Capital or other non-labor costs: The Rule imposes minimal capital costs and no current start-up costs. The Rule first took effect in 1984 and the revised Rule took effect in 1994, so funeral providers should already have in place necessary equipment to carry out tasks associated with Rule compliance. Moreover, most funeral homes already have access, for other business purposes, to the ordinary office equipment needed for compliance, so the Rule likely imposes minimal additional capital expense.
Compliance with the Rule, however, does entail some expense to funeral providers for printing and duplication of required disclosures. Assuming, as required by the Rule, that one copy of the general price list is provided to consumers for each funeral or cremation conducted, at a cost of 25¢ per copy,[16] this would amount to 2,626,418 copies per year at a cumulative industry cost of $656,605 (2,626,418 funerals per year [17] × 25¢ per copy). In addition, the funeral providers that furnish consumers with a statement of funeral goods and services solely because of the Rule's mandate will incur additional printing and copying costs. Assuming that those 2,512 providers (19,322 funeral providers × 13%) use the standard two-page form shown in the compliance guide, at twenty-five cents per copy, at an average of twenty funerals per year, the added cost burden would be $12,560 (2,512 providers × 20 funerals per year × 25¢). Thus, estimated non-labor costs total $669,165 ($656,605 + 12,560).
Request for Comment: You can file a comment online or on paper.
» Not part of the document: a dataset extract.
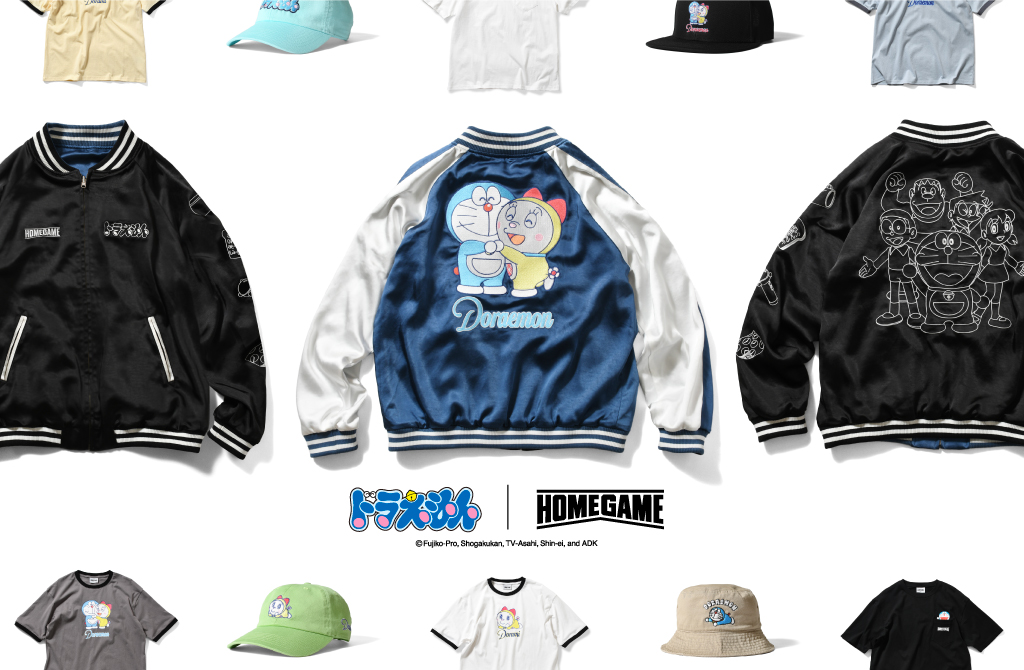 ドラえもんとセレクトショップHOMEGAMEによるアパレルコレクションが登場。背中にドラえもんとドラミの大判刺繍を施した表面と、BLACKベースのモノトーンで統一した裏面を楽しめる本格リバーシブルスーベニアジャケットをはじめ、柔らかい色合いで仕上げたリンガーTEEや、シンプルで幅広いシーンにマッチするハットなど、世代を超えて愛されるアイテムを展開。その他にも魅力的な商品が多数ラインナップしています。詳しくはHOMEGAMEの特設ページをチェックしてね♪

For the Commission to consider your comment, we must receive it on or before June 23, 2017. Write “Paperwork Comment: FTC File No. P084401” on your comment. Your comment—including your name and your state—will be placed on the public record of this proceeding, including, to the extent practicable, on the public Commission Web site, at https://www.ftc.gov/policy/public-comments.
Postal mail addressed to the Commission is subject to delay due to heightened security screening. As a result, we encourage you to submit your comments online. To make sure that the Commission considers your online comment, you must file it at https://ftcpublic.commentworks.com/ftc/funeralrulepra2,, by following the instructions on the web-based form. If this Notice appears at http://www.regulations.gov/#!home,, you also may file a comment through that Web site.
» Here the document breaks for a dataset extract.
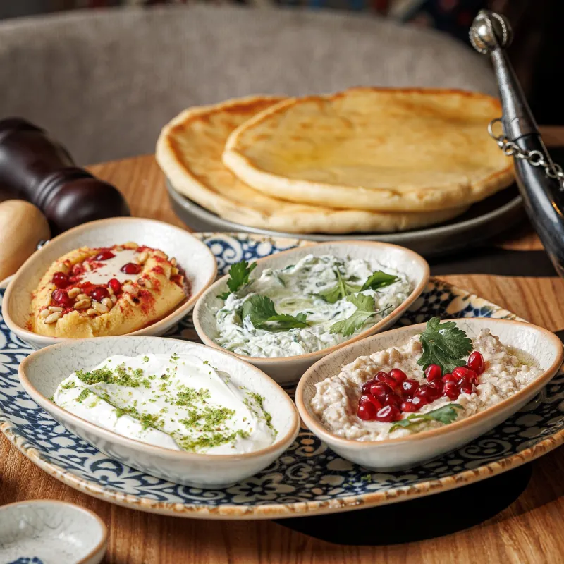 Мутабаль / дзадзики / лабне / хумус ливанский / йогуртовая лепешка

If you file your comment on paper, write “Funeral Rule PRA Comment: FTC File No. P084401” on your comment and on the envelope, and mail your comment to the following address: Federal Trade Commission, Office of the Secretary, 600 Pennsylvania Avenue NW., Suite CC-5610 (Annex J), Washington, DC 20580, or deliver your comment to the following address: Federal Trade Commission, Office of the Secretary, Constitution Center, 400 7th Street SW., 5th Floor, Suite 5610, Washington, DC 20024. If possible, please submit your paper comment to the Commission by courier or overnight service.
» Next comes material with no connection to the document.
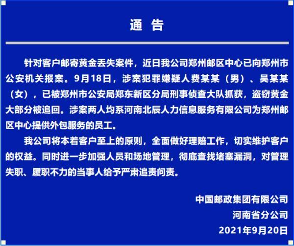 9月20日晚间,中国邮政集团有限公司河南省分公司发布通告称,针对客户邮寄黄金丢失案件,近日我公司郑州邮区中心已向郑州市公安机关报案。9月18日,涉案犯罪嫌疑人费某某(男)、吴某某(女),已被郑州市公安局郑东新区分局刑事侦查大队抓获,盗窃黄金大部分被追回。涉案两人均系河南北辰人力信息服务有限公司为郑州邮区中心提供外包服务的员工。我公司将本着客户至上的原则,全面做好理赔工作,切实维护客户的权益。同时进一步加强人员和场地管理,彻底查找堵塞漏洞,对管理失职、履职不力的当事人给予严肃追责问责。

Comments on the information collection requirements subject to review under the PRA should additionally be submitted to OMB. If sent by U.S. mail, they should be addressed to Office of Information and Regulatory Affairs, Office of Management and Budget, Attention: Desk Officer for the Federal Trade Commission, New Executive Office Building, Docket Library, Room 10102, 725 17th Street NW., Washington, DC 20503. Comments sent to OMB by U.S. postal mail, however, are subject to delays due to heightened security precautions. Thus, comments instead should be sent by facsimile to (202) 395-5806.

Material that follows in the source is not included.